(Beginning of Entries shown)

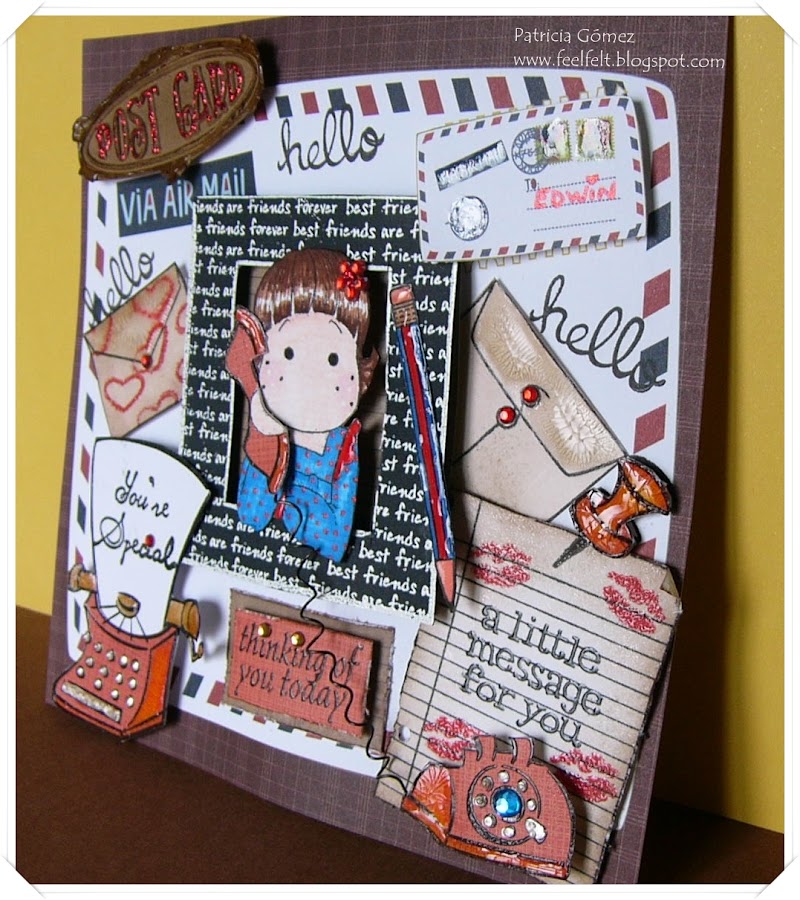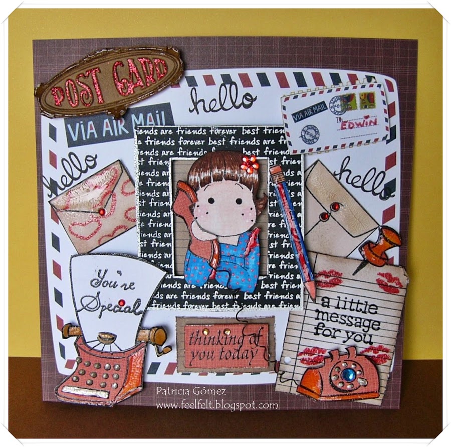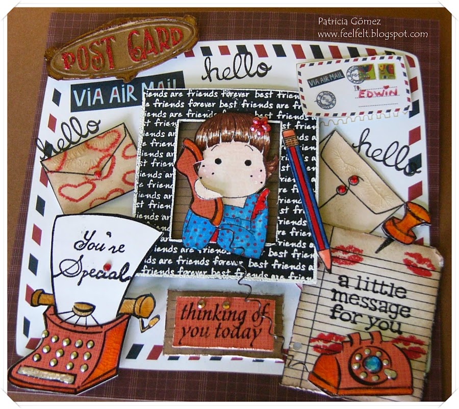 La magnolia ha sido coloreada con rotus, la maquina de escribir y telefono están hechos con paper piecing, y el letrero de Postcard es de una cartulina embosada con la big shot.
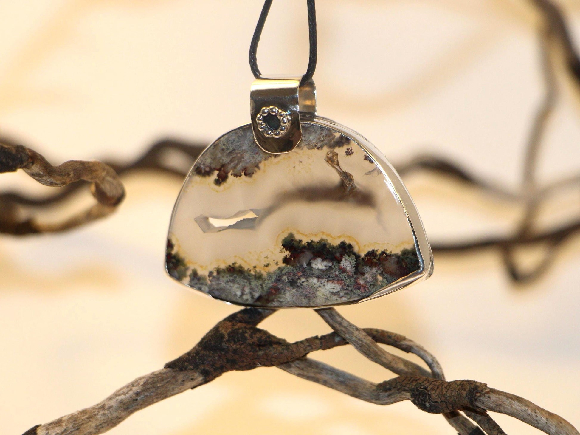Moss Agate Sterling Silver Pendant, Half Moon Scenic Necklace
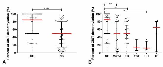 Moreover, SEs exhibited a significantly lower amount of methylated XIST fragment as compared with NS components (p < 0.0001) and there were also significant differences in the amount of methylated XIST fragment among the various individual tumor subtypes (p < 0.0001). When each of the five histological tumor components were considered individually, SE subtype showed a lower amount of this fragment in comparison with EC and YST (adjusted p-value < 0.0001) and TE (adjusted p-value < 0.01) (Figure 2).
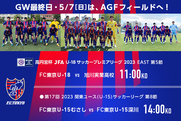 【5/2追加】5/7(周日) FC東京U-18、FC東京U-15武藏、FC東京U-15深川 AGF球場同日比賽舉行相關事宜
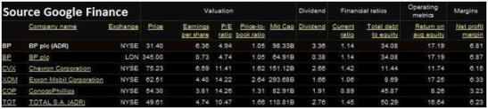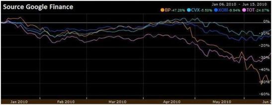Il suffit juste de regarder le graphique ci-dessous pour s'apercevoir que BP perd près de - 50% depuis le début de l'année 2010, alors que ses concurrents Chevron, Exxon et Total perdent respectivement - 5,50%, - 9,94% et – 24,87%. Warren Buffett ne donnant jamais de conseils ni astuces sur sa manière d'investir, il ne faut pas oublier qu'il est le premier à investir dans les mastodontes sous-cotés… « Notre but est de découvrir des compagnies extraordinaires à des prix ordinaires et non des compagnies ordinaires à des prix extraordinaires » dixit Warren Buffett.

(End of Entries shown)

Problem description
Please print exactly the lines running from the line with "Moreover, SEs exhibited" through the final line of the material, and nothing more. Keep pictures out.

Answer space
 Moreover, SEs exhibited a significantly lower amount of methylated XIST fragment as compared with NS components (p < 0.0001) and there were also significant differences in the amount of methylated XIST fragment among the various individual tumor subtypes (p < 0.0001). When each of the five histological tumor components were considered individually, SE subtype showed a lower amount of this fragment in comparison with EC and YST (adjusted p-value < 0.0001) and TE (adjusted p-value < 0.01) (Figure 2).
 【5/2追加】5/7(周日) FC東京U-18、FC東京U-15武藏、FC東京U-15深川 AGF球場同日比賽舉行相關事宜
Il suffit juste de regarder le graphique ci-dessous pour s'apercevoir que BP perd près de - 50% depuis le début de l'année 2010, alors que ses concurrents Chevron, Exxon et Total perdent respectivement - 5,50%, - 9,94% et – 24,87%. Warren Buffett ne donnant jamais de conseils ni astuces sur sa manière d'investir, il ne faut pas oublier qu'il est le premier à investir dans les mastodontes sous-cotés… « Notre but est de découvrir des compagnies extraordinaires à des prix ordinaires et non des compagnies ordinaires à des prix extraordinaires » dixit Warren Buffett.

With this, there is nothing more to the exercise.